Transfer learning with convolutional neural networks for cancer survival prediction using gene-expression data.

机构信息

Departamento de Lenguajes y Ciencias de la Computación, Universidad de Málaga, ETSI Informática, Málaga, Spain.

出版信息

PLoS One. 2020 Mar 26;15(3):e0230536. doi: 10.1371/journal.pone.0230536. eCollection 2020.
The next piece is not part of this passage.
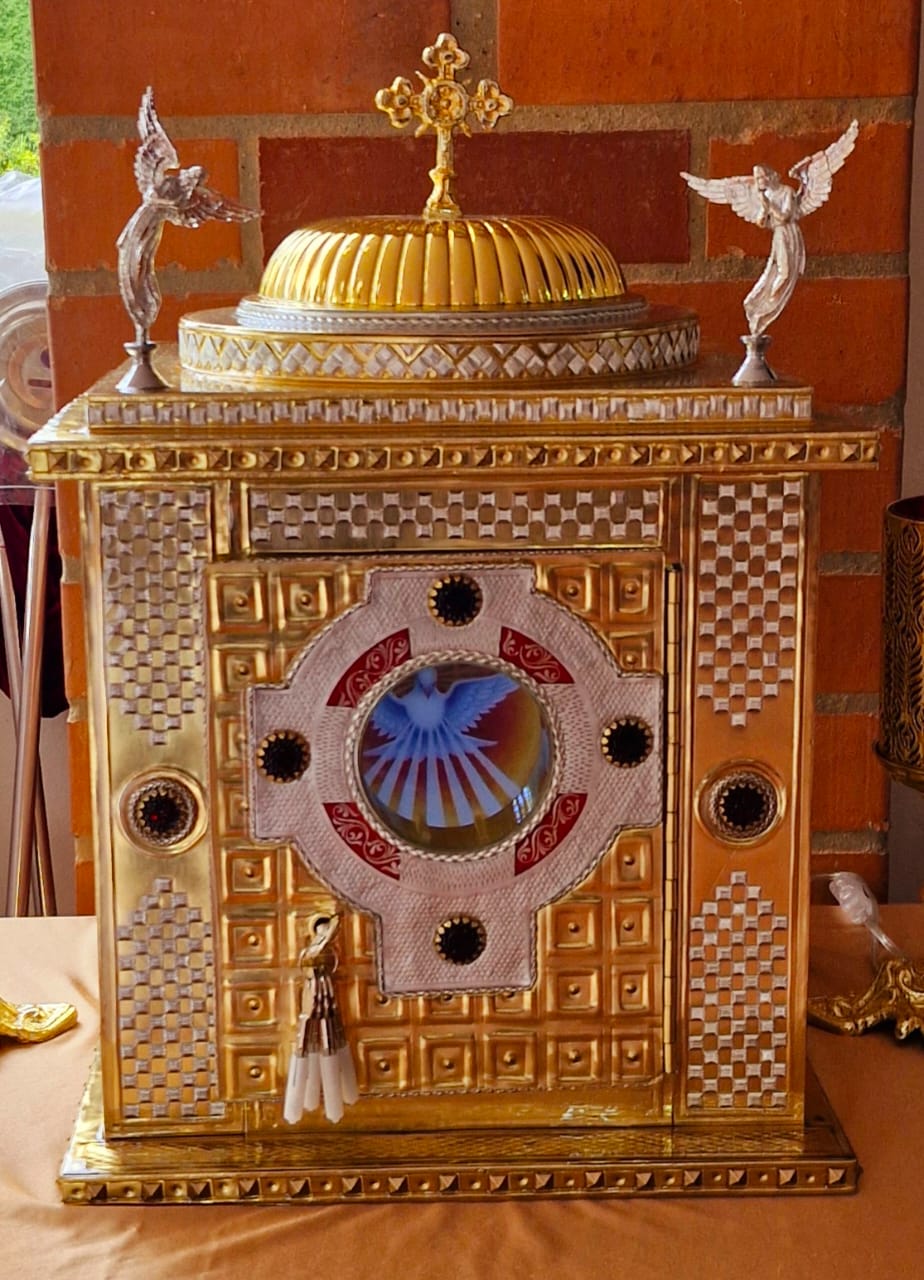 Sagrario ángeles danzarines con expositor y diptus intercambiables en metal de bronce : medidas de 50cm alto x 49cm frente x 35cm profundidad

DOI:10.1371/journal.pone.0230536
PMID:32214348
原文链接:https://pmc.ncbi.nlm.nih.gov/articles/PMC7098575/
Abstract

Precision medicine in oncology aims at obtaining data from heterogeneous sources to have a precise estimation of a given patient's state and prognosis. With the purpose of advancing to personalized medicine framework, accurate diagnoses allow prescription of more effective treatments adapted to the specificities of each individual case. In the last years, next-generation sequencing has impelled cancer research by providing physicians with an overwhelming amount of gene-expression data from RNA-seq high-throughput platforms. In this scenario, data mining and machine learning techniques have widely contribute to gene-expression data analysis by supplying computational models to supporting decision-making on real-world data. Nevertheless, existing public gene-expression databases are characterized by the unfavorable imbalance between the huge number of genes (in the order of tenths of thousands) and the small number of samples (in the order of a few hundreds) available. Despite diverse feature selection and extraction strategies have been traditionally applied to surpass derived over-fitting issues, the efficacy of standard machine learning pipelines is far from being satisfactory for the prediction of relevant clinical outcomes like follow-up end-points or patient's survival. Using the public Pan-Cancer dataset, in this study we pre-train convolutional neural network architectures for survival prediction on a subset composed of thousands of gene-expression samples from thirty-one tumor types. The resulting architectures are subsequently fine-tuned to predict lung cancer progression-free interval. The application of convolutional networks to gene-expression data has many limitations, derived from the unstructured nature of these data. In this work we propose a methodology to rearrange RNA-seq data by transforming RNA-seq samples into gene-expression images, from which convolutional networks can extract high-level features. As an additional objective, we investigate whether leveraging the information extracted from other tumor-type samples contributes to the extraction of high-level features that improve lung cancer progression prediction, compared to other machine learning approaches.

摘要

肿瘤精准医学旨在从异质来源获取数据,以精确估计给定患者的状态和预后。为了推进个体化医学框架,准确的诊断可以允许根据每个病例的具体情况开处方更有效的治疗方法。在过去的几年中,下一代测序通过为医生提供来自 RNA-seq 高通量平台的大量基因表达数据,推动了癌症研究。在这种情况下,数据挖掘和机器学习技术通过为支持真实数据决策提供计算模型,广泛地为基因表达数据分析做出了贡献。然而,现有的公共基因表达数据库的特点是基因数量(成千上万)和可用样本数量(几百)之间极不平衡。尽管传统上已经应用了多种特征选择和提取策略来克服由此产生的过拟合问题,但标准机器学习管道的效果远不能令人满意,无法预测相关的临床结果,如随访终点或患者的生存。在这项研究中,我们使用公共的泛癌数据集,在由三十一种肿瘤类型的数千个基因表达样本组成的子集中对卷积神经网络架构进行生存预测的预训练。随后,对这些架构进行微调,以预测肺癌无进展间隔。卷积网络在基因表达数据上的应用有许多限制,这些限制源于这些数据的非结构化性质。在这项工作中,我们提出了一种将 RNA-seq 数据重新排列的方法,通过将 RNA-seq 样本转换为基因表达图像,卷积网络可以从这些图像中提取高级特征。作为附加目标,我们研究了利用来自其他肿瘤类型样本的信息是否有助于提取高级特征,与其他机器学习方法相比,这些特征可以提高肺癌进展预测的准确性。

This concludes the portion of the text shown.